Essa nova velocidade e dinâmica de propagação dos bens de consumo, na ótica de Mini, pode criar um problema mercadológico, já que a lógica do capitalismo desde os anos 1950 vem absorvendo os movimentos culturais alternativos e devolvendo-os digeridos, embalados para o consumo seguro de um público mais amplo – ou seja, seria a força que faz o líquido escorrer do topo para a base da pirâmide.
 
A professora e pesquisadora da Escola de Design da UEMG, Angélica Adverse, chama a atenção para o fato de que talvez essa não tenha sido a primeira vez que o conceito normcore foi apresentado. “Essa abordagem já havia sido apresentada a partir do conceito de File Sharing, feita pelo estúdio Future Concept Lab, do sociólogo Francesco Morace, há alguns anos.

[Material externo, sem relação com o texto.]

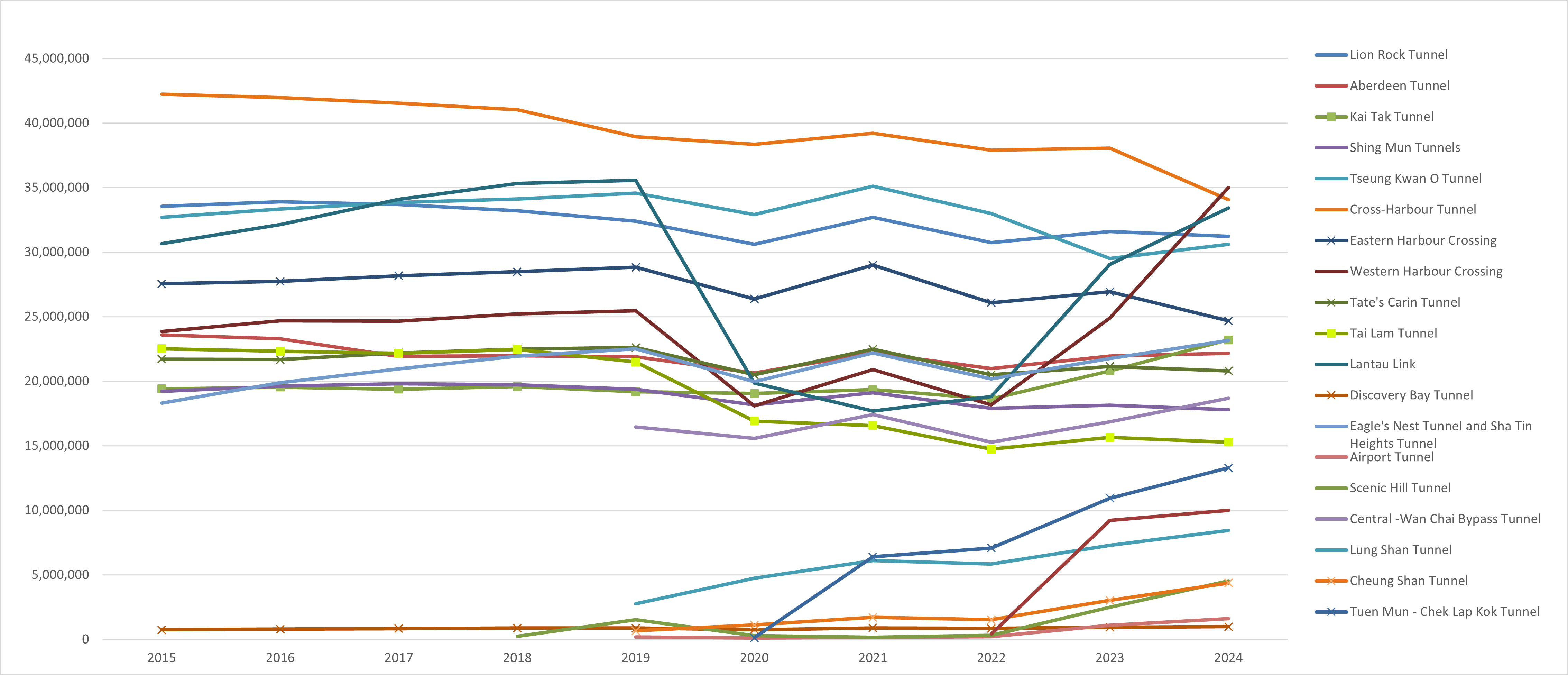 The Airport Tunnel (single bound tunnel) was commissioned on 24 October 2018. As the detectors for vehicle counting started operation since February 2019, the Transport Department does not have the traffic data for 2018 and January 2019. The above figures for 2019 only cover the traffic statistics for the period from February to December 2019. Due to the malfunction of the vehicle detection system used for vehicle counting at Airport Tunnel during some periods in 2020 and 2024, the traffic figures for the affected days are excluded.

Dizia que, para o consumidor contemporâneo, se reconhecer nas imagens publicitárias é essencial. A democratização da informação, o compartilhamento de imagens alimenta o afeto de empatia. Por isso, as paixões e as vocações do homem comum passam a ser representadas nas imagens da publicidade e na moda”, afirma.
 
A professora ressalta que “empatia” seria a palavra de ordem dessas duas leituras que visam apontar o quanto é importante para a contemporaneidade os processos de conexão e inclusividade. “Lembremos as campanhas da Dove pela ‘real beleza’ e a campanha da Benetton sobre os ‘desempregados do ano’. Ambas discutem emoções e situações da vida do indivíduo comum e buscam, por meio de uma conexão com o consumidor, abordar o indivíduo da comunidade”, diz.
 
Gustavo Mini, em seu artigo para a “Void”, amplia ainda mais essa análise. “Talvez a ideia de normcore como uma hiperadaptabilidade em busca de conexão humana seja um cansaço natural de 60 anos de busca por individualidade através de códigos comerciais externos. (...) Quem se importa se você é Mac ou PC quando ambos são montados na China pelas mesmas fábricas com condições de trabalho questionáveis?”, diz. “Somos semelhantes nas nossas singularidades e não apesar delas. Do ponto de vista do normcore, poderia se dizer: de perto, ninguém é normal e mais de perto ainda ninguém é anormal”, conclui.